[Start of section]

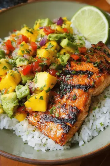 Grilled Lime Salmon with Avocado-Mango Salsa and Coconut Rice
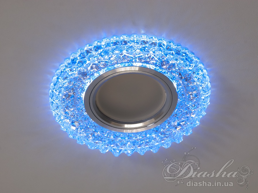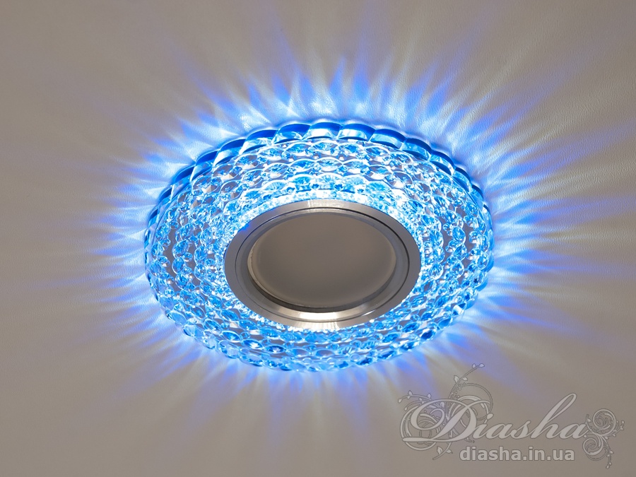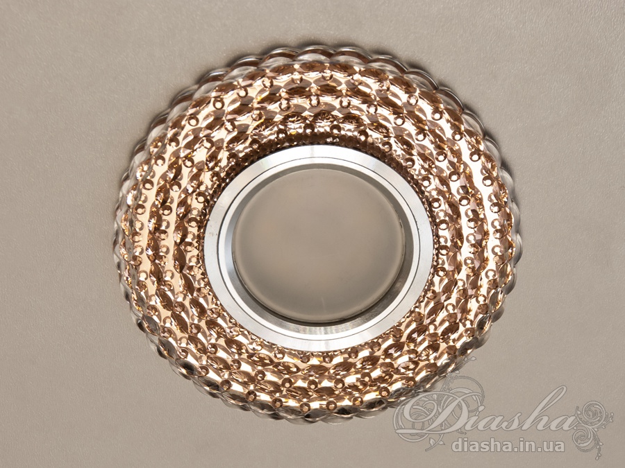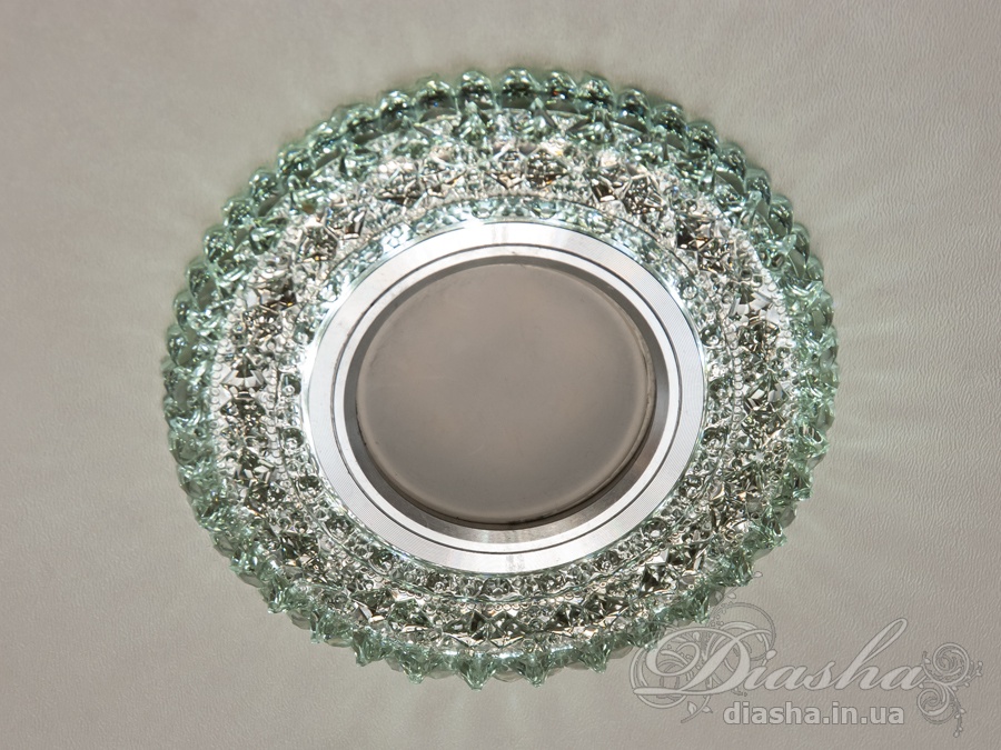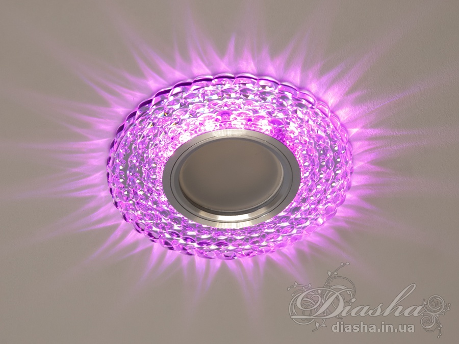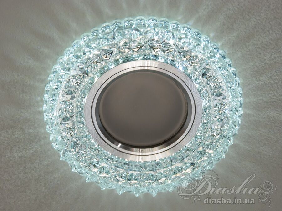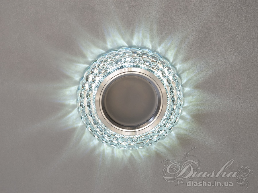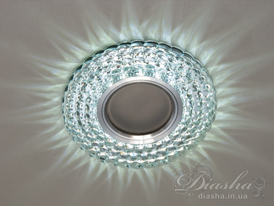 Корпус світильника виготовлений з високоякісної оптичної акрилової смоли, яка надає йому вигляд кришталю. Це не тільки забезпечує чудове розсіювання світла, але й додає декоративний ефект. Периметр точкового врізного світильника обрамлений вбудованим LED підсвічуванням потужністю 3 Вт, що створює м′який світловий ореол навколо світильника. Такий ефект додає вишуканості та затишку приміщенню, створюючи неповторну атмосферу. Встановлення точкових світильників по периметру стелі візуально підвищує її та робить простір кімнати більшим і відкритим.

[End of section]
[Start of section]

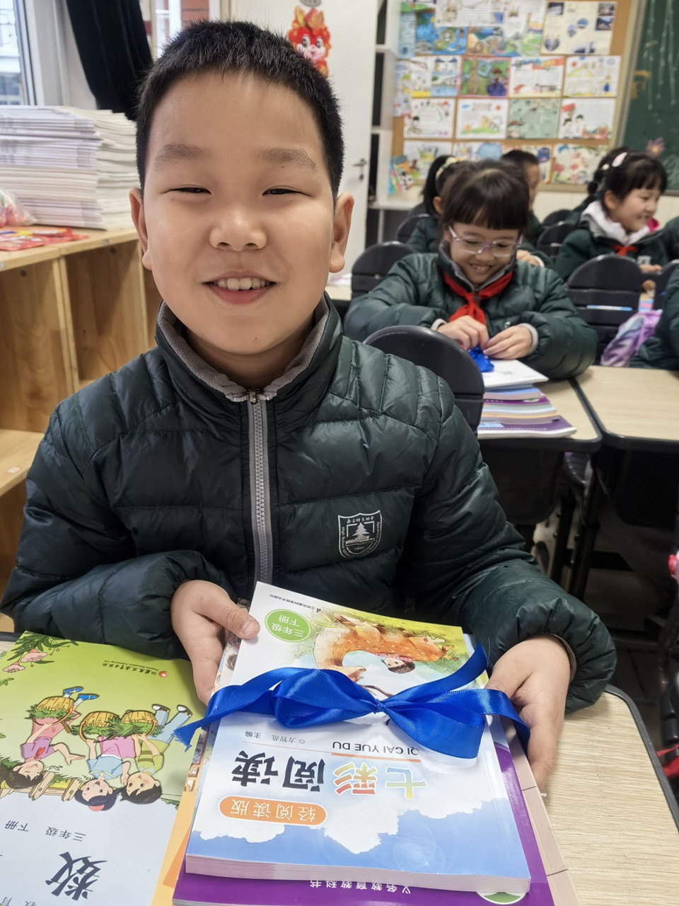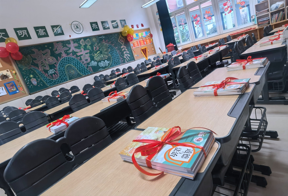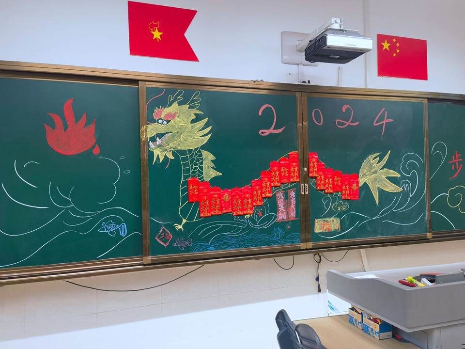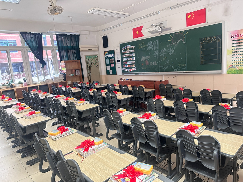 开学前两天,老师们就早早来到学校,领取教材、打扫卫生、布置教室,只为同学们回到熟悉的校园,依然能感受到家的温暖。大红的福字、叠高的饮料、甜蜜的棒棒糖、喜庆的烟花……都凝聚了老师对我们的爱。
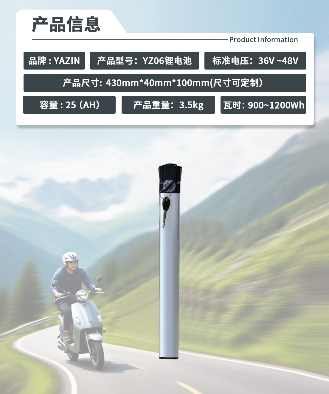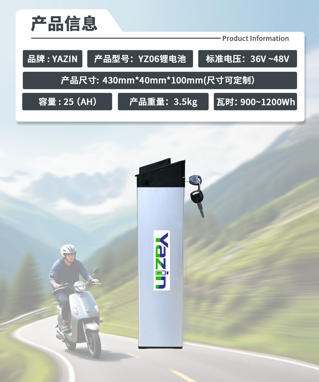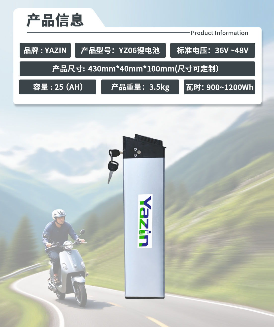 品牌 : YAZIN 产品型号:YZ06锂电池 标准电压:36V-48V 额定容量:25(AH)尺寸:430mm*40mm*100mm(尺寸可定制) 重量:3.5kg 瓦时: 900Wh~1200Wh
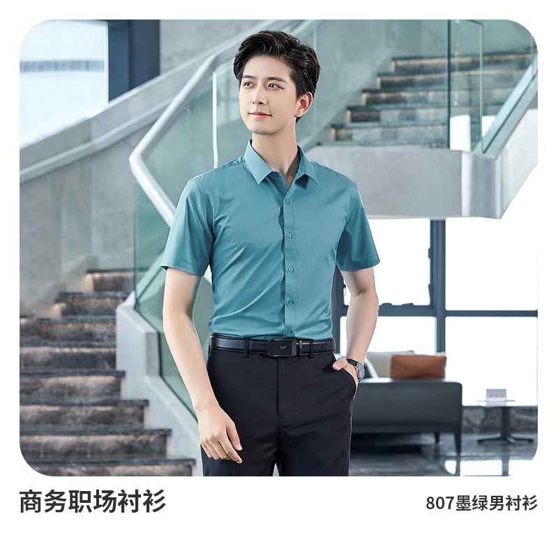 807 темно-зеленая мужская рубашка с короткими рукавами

[End of section]

*Task item*
Set down, exactly as written above, each line from the one with "品牌 : YAZIN 产品型号:YZ06锂电池" through the one with "807 темно-зеленая мужская", and skip the pictures.

*Response to the exercise*
 品牌 : YAZIN 产品型号:YZ06锂电池 标准电压:36V-48V 额定容量:25(AH)尺寸:430mm*40mm*100mm(尺寸可定制) 重量:3.5kg 瓦时: 900Wh~1200Wh
 807 темно-зеленая мужская рубашка с короткими рукавами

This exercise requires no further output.